Итак, «больничный» текст у Ахмадулиной являет собой дискурс состояния между «жизнью» и «смертью», существующих в дихотомии. «Больница» как особое сакральное пространство активизирует «мифологическое» (детское) мышление лирического субъекта/объекта, которым осознается приоритет «простоты жизни» перед «литературой». Соматический уровень «болезни» представлен, в основном, «сердцем», отвечающим за духовную жизнь героини, «творческая» же ее ипостась уходит на периферию, т.к поэтическая функция героини редуцирована в связи с «отключкой мозга» - главного «творящего» центра. Семантической доминантой цикла становится христианское смирение перед «высшими силами» и приятие своего состояния как время искупления «грехов» за «поэтическую гордыню».

Примечания

  1. Стихотворения Б. Ахмадулиной цитируются по: Ахмадулина Б. Влечет меня старинный слог. М., 2001. Далее номер страницы указывается в круглых скобках сразу после цитаты: первая цифра означает условную нумерацию цитируемого издания, вторая – номер страницы.
  2. Цитируется по: Пикунова Е. Интервью с Беллой Ахмадулиной.
  3. Ахмадулина Б. Стихотворения. М., 2001. Принцип цитирования обозначен в сноске 1.71
  4. Пастернак Б. Сочинения: В 2 т.

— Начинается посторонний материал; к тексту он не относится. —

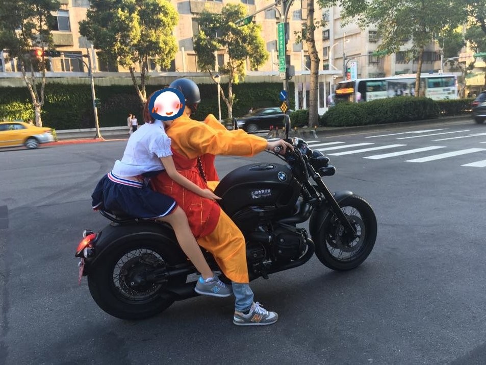 這是哪一招?一位網友po文表示,在台北市忠孝東路三段253號路口,看到一位穿著類似袈裟的騎士,騎乘BMW重機在路上,後座還載著一位沒戴安全帽的女孩。仔細一看,照片中這位穿著類似日本高校制服短裙女生,原來是他的「特殊伴侶」,網友看了也忍不住笑說「載女友出來兜風嗎?」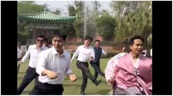 The clip began with two kurta-clad Korean staffers doing the Naatu Naatu hook step. The scene then shifted to the embassy lawns , where the ambassador danced to the song, with two others in background.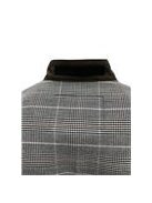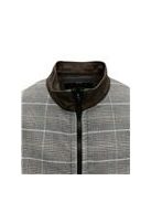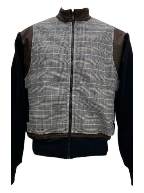 A spring jacket made from linen denim, Amercian fleece and checked fabric. The garment is equipped with a zipper closure and side pockets. Casual elements such as the zipper details and elasticized bottom band infuse the garment with sportswear-inspired accents while the soft colors highlights the jacket’s elegance.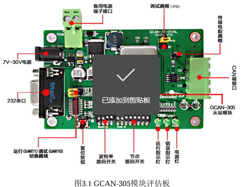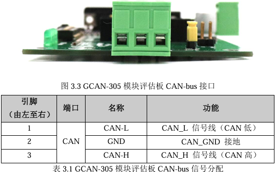 GCAN-305 模块评估板CAN-bus接口由1个3 Pin接线端子引出,可以用于连接1个CAN-bus网络或者CAN-bus接口的设备,其接口位置及接口定义如图3.3、表3.1 所示。

Т. 1. Тула, 1993. С. 320.
  5. Античная традиция, продолженная многими поэтами, например, Ахматовой: («Ты ль Данту диктовала // Страницы «Ада»?) и т.д. В стихотворении «Поэт» из цикла «Тайны ремесла» Ахматова изображает поэта беспечным «подслушивателем» музыки: Подумаешь, тоже работа, // Беспечное это житье: // Подслушать у музыки что-то // И выдать шутя за свое.
    Цитируется по: Ахматова А. Сочинения: В 2 т. Т. 1. М, 1986. С. 191.

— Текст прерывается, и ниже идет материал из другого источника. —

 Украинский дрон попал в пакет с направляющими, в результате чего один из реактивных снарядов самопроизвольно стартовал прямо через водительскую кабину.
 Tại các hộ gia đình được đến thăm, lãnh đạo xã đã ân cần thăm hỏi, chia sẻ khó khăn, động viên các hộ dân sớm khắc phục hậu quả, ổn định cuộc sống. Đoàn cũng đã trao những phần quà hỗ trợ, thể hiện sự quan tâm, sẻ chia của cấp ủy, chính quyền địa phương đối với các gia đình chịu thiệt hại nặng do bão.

  6. Ахмадулина Б. О Марине Цветаевой //Ахмадулина Б. Влечет меня старинный слог. М., 2001.с. 415.
  7. В стихотворении «Наследница», эпиграфом к которому является пушкинская строка, Ахматовой заявлена идея о духовном и поэтическом наследовании через соприкосновение с вещным, со сквозными галереями дворца, с липами дивной красоты и т.д.
  8. Тресидер Д. Словарь символов. М., 1999. С. 75-77.
  9. Тресидер Д. Указ. соч. С. 76.
  10. Там же. С. 76.
  11. Пикунова Е. Интервью с Беллой Ахмадулиной.
  12. Пушкин А.С. Собр. соч.: в 10 т. Т. 10. М., 1958. С. 207.
  13. Пикунова Е. Интервью с Беллой Ахмадулиной.